By: Lindsey Loving Date: 5/27/11
With all the talk about local, organic, natural, and biotech, it’s enough to make someone’s head spin! Probably not many would have predicted that these terms would be important to consumers, but we have become a country focused on food. And not just taste (although taste is still the most important factor in consumers’ food and beverage purchase decisions, according to the latest IFIC Foundation Food & Health Survey) – where our food comes from and how it’s produced have been topics of increasing interest. It’s not uncommon for food issues to be discussed at the dinner table or around the water cooler.
To help untangle the often confusing web of agriculture and food production lingo, IFIC Foundation has developed a new Fact Sheet, “Common Food Production Practices and Their Unique Contributions to the Food Supply.” Some facts that might surprise you:
- Local: There are no official guidelines for use of the term “local” on food packages. Depending on the grocery store or farmer’s market, there are often differences in the distance used to define local, ranging from less than 10 miles to 50 or 100 or more miles. Local is often confused with other food production terms. While purchasing local foods can help stimulate the local economy and connect consumers to their food, a “local” food is not necessarily “organic” or “sustainable.” Check out our Local Foods webcast we hosted last month for more information about the definitions, challenges and opportunities, and nutritional differences of local foods.
- “Organic” does not necessarily equate to being “healthier.” The term organic is defined and regulated by the National Organic Program (NOP), of the U.S. Department of Agriculture (USDA). By regulation, organic food is produced without the use of synthetic pesticides (although organic does permit the use of “natural” pesticides) or fertilizers. Organic is simply a type of food production method and, despite common perceptions, does not equate to being more healthful.
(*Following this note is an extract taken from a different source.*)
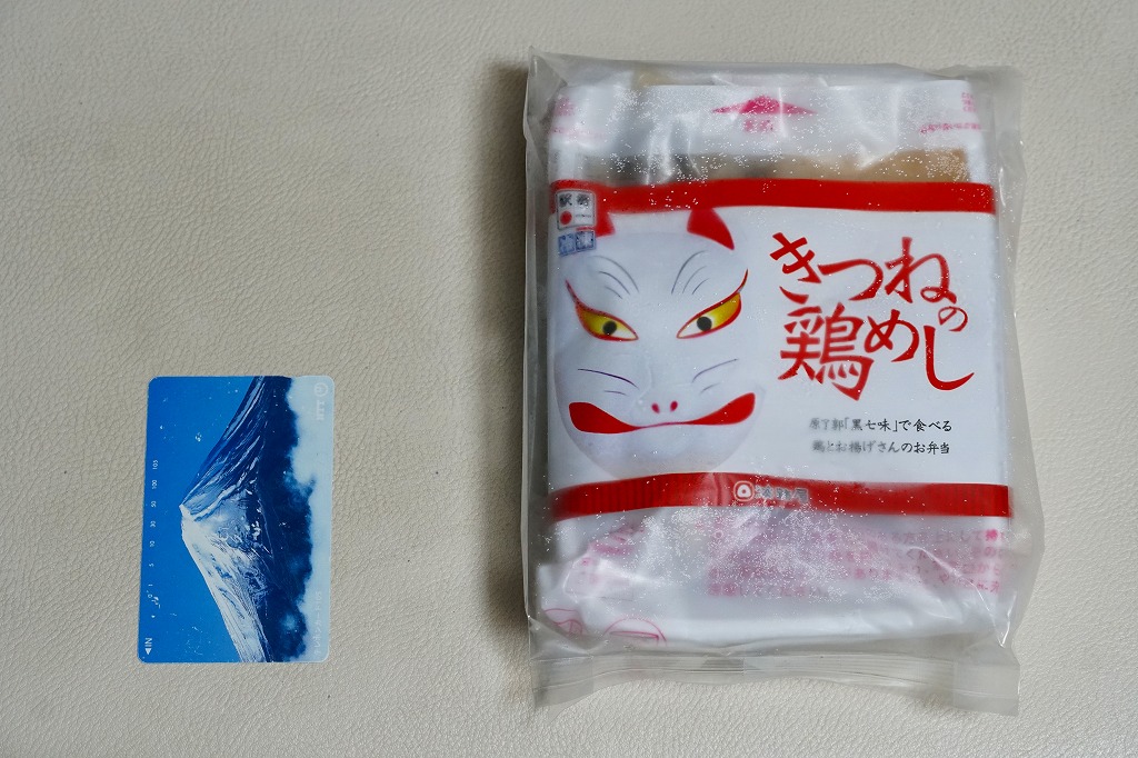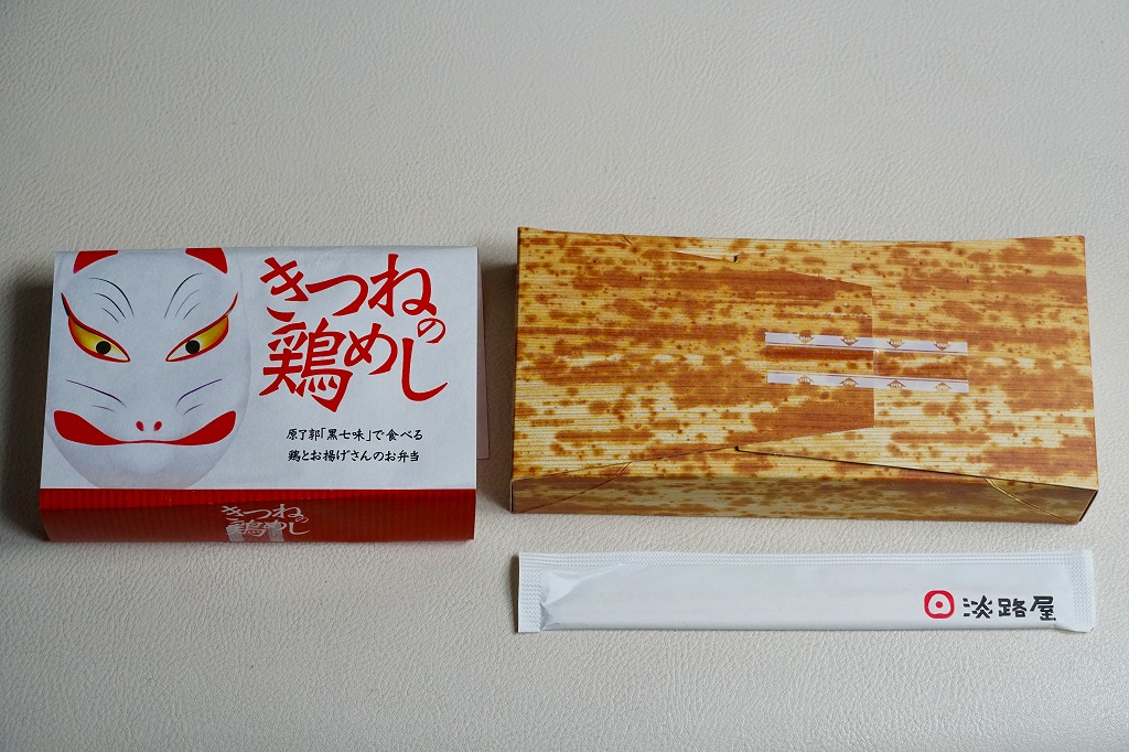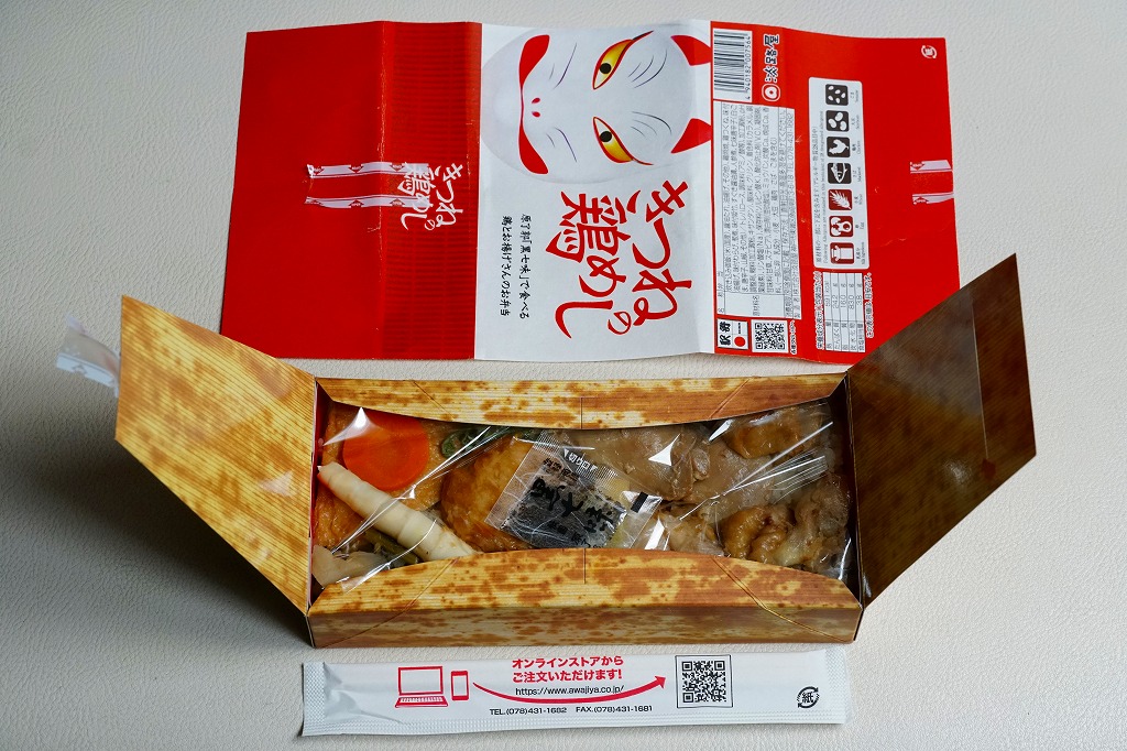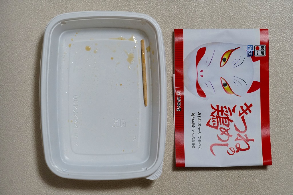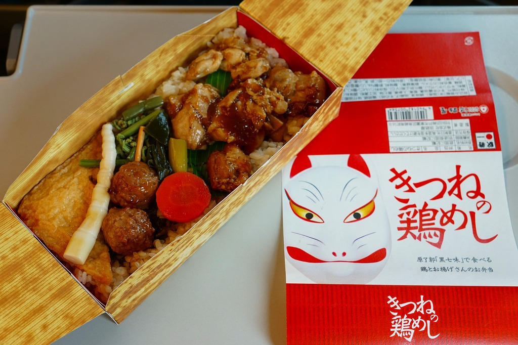 電子レンジ対応の白いプラ製トレーに、油揚げの炊込飯を詰め、鶏照焼、油揚げ、鶏つくね、わらび、姫竹、すぐき、ネギ、ニンジンを散らし、空気を抜いてプラ袋に密封し、駅弁マークのある掛紙を巻く。中身も掛紙の絵柄も、上記の駅弁「きつねの鶏めし」と同じ。加熱でアツアツでも常温でも、駅弁と同じ味がした。駅で買って道中で食べることはできないが、おいしい非常食として優れるほか、出掛けられない人に旅気分を味わってもらうアイテムにできるかもしれない。賞味期限は製造後約3か月か。

- Modern: Today, most foods in the United States are produced using modern farming practices. Farmers engaged in many types of food production, from organic to modern to biotechnology, use renewable resources and employ conservative soil and water techniques in food production to improve sustainability and reduce the environmental impact of farming.
- Biotechnology: According to FDA, USDA, and EPA, foods produced through biotechnology are identical and are no less nutritious than foods produced through other methods. Biotechnology can also help decrease food loss and the amount of pesticides used in farming through the development of resistant crops.
- “Processed” is a broad category of foods that consumers commonly associate with being less nutritious and/or containing artificial ingredients or other added substances. However, this category also includes fresh, “natural,” organic, and other healthful foods. Once a crop is harvested, it may go through many processes, such as freezing, canning, pasteurization, fortification, etc. Because of innovations in food processing and technology, it is possible to have foods that are convenient, affordable, good-tasting, and stay fresher longer. The IFIC Foundation’s “Understanding Our Food” Communications Tool Kit provides information and tips for building a balanced diet that includes convenience foods.
As the global population swells, foods produced and sourced through all methods will be important to continuing to provide an abundance of safe and nutritious foods. How do you incorporate foods produced in different ways to achieve your health, lifestyle and sustainability goals?